→ **What you need to do**: Write out the lines of the material below exactly, beginning at the line with "For instance you" and stopping after the line with "從圖1可以看到,韓國在5G領", and leave out the pictures.
══ Source data
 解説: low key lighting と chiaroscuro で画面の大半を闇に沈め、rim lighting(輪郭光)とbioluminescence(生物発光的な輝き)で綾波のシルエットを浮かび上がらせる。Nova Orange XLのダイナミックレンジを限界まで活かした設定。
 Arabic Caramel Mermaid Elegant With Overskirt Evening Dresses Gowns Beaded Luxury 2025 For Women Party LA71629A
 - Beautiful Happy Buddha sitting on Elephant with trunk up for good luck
════
══ Source data
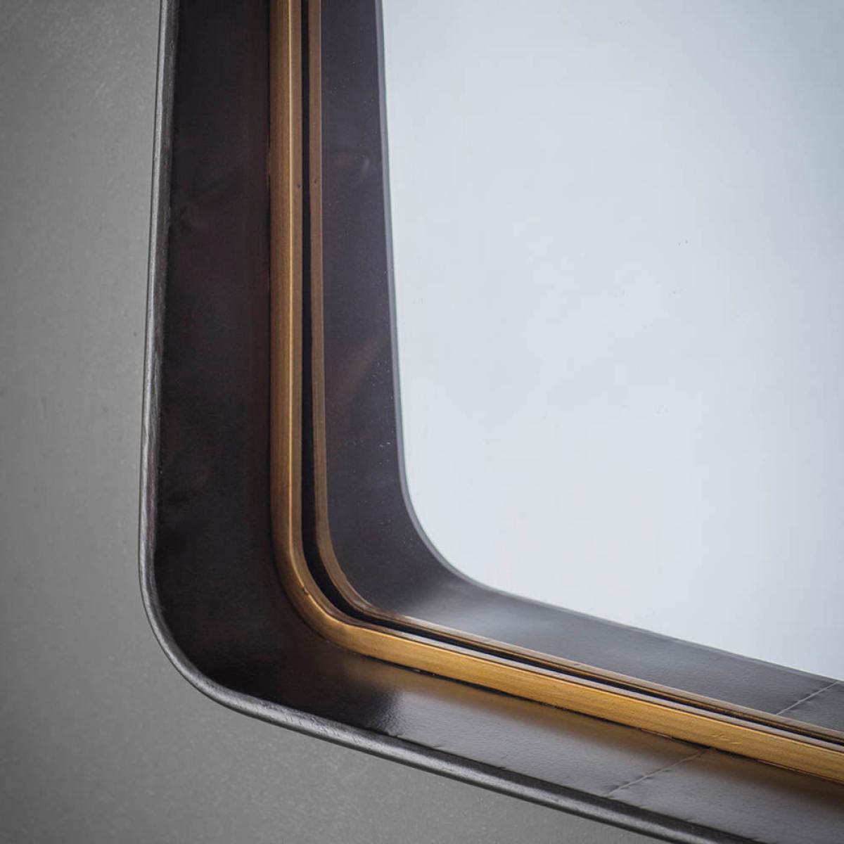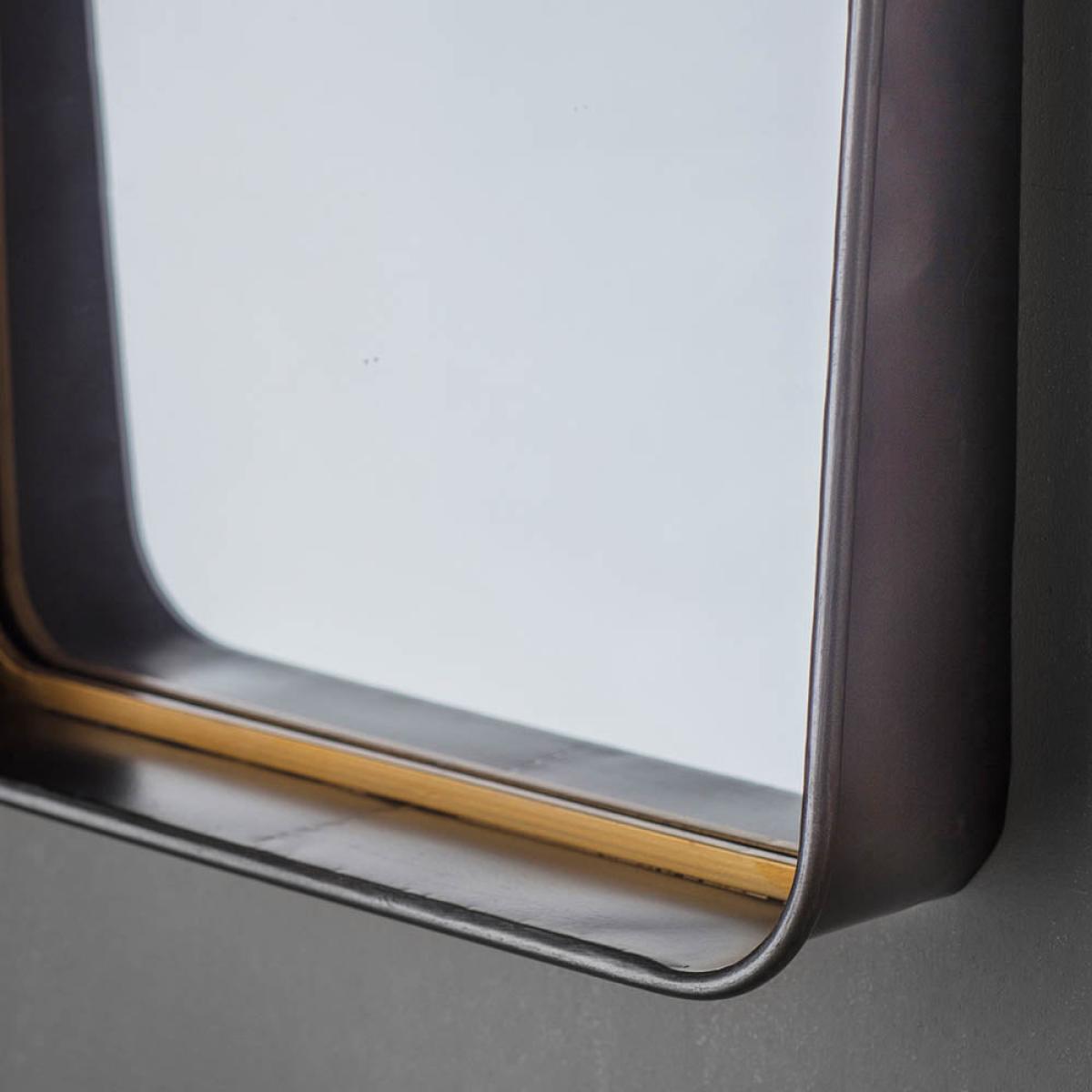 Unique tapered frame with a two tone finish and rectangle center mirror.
════
══ Source data
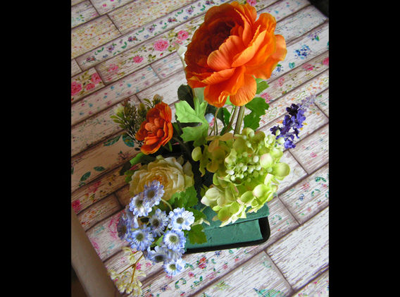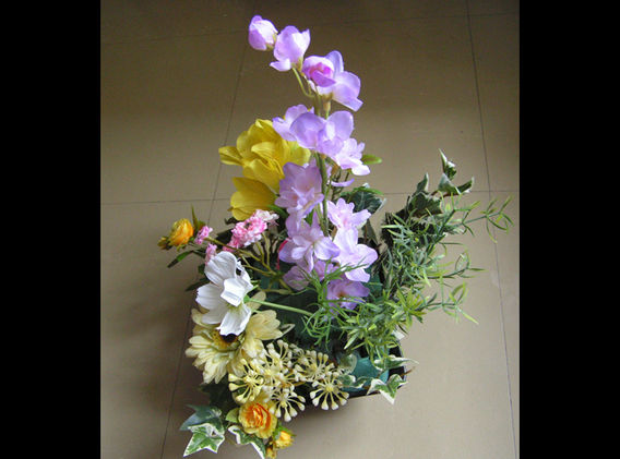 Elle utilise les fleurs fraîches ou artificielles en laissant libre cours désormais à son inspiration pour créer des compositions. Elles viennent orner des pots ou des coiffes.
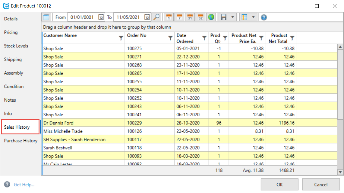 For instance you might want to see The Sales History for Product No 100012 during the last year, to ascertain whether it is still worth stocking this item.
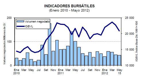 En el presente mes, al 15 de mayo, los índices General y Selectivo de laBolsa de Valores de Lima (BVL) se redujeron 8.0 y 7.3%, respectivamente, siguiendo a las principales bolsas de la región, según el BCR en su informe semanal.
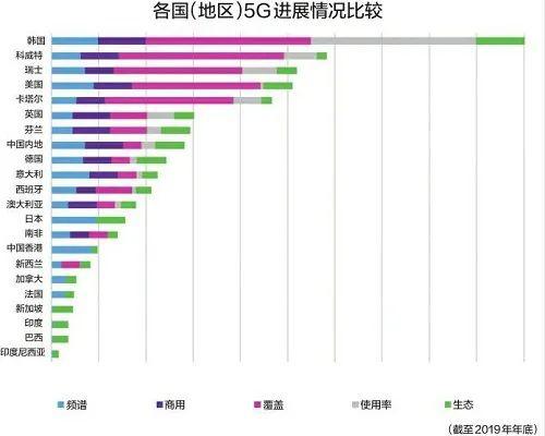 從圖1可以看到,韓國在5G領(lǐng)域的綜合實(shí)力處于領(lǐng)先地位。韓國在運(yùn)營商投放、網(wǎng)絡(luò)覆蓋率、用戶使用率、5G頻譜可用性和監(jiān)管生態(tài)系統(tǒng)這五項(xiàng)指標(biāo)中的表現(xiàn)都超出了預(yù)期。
════
→ **Exercise answer**:
 For instance you might want to see The Sales History for Product No 100012 during the last year, to ascertain whether it is still worth stocking this item.
 En el presente mes, al 15 de mayo, los índices General y Selectivo de laBolsa de Valores de Lima (BVL) se redujeron 8.0 y 7.3%, respectivamente, siguiendo a las principales bolsas de la región, según el BCR en su informe semanal.
 從圖1可以看到,韓國在5G領(lǐng)域的綜合實(shí)力處于領(lǐng)先地位。韓國在運(yùn)營商投放、網(wǎng)絡(luò)覆蓋率、用戶使用率、5G頻譜可用性和監(jiān)管生態(tài)系統(tǒng)這五項(xiàng)指標(biāo)中的表現(xiàn)都超出了預(yù)期。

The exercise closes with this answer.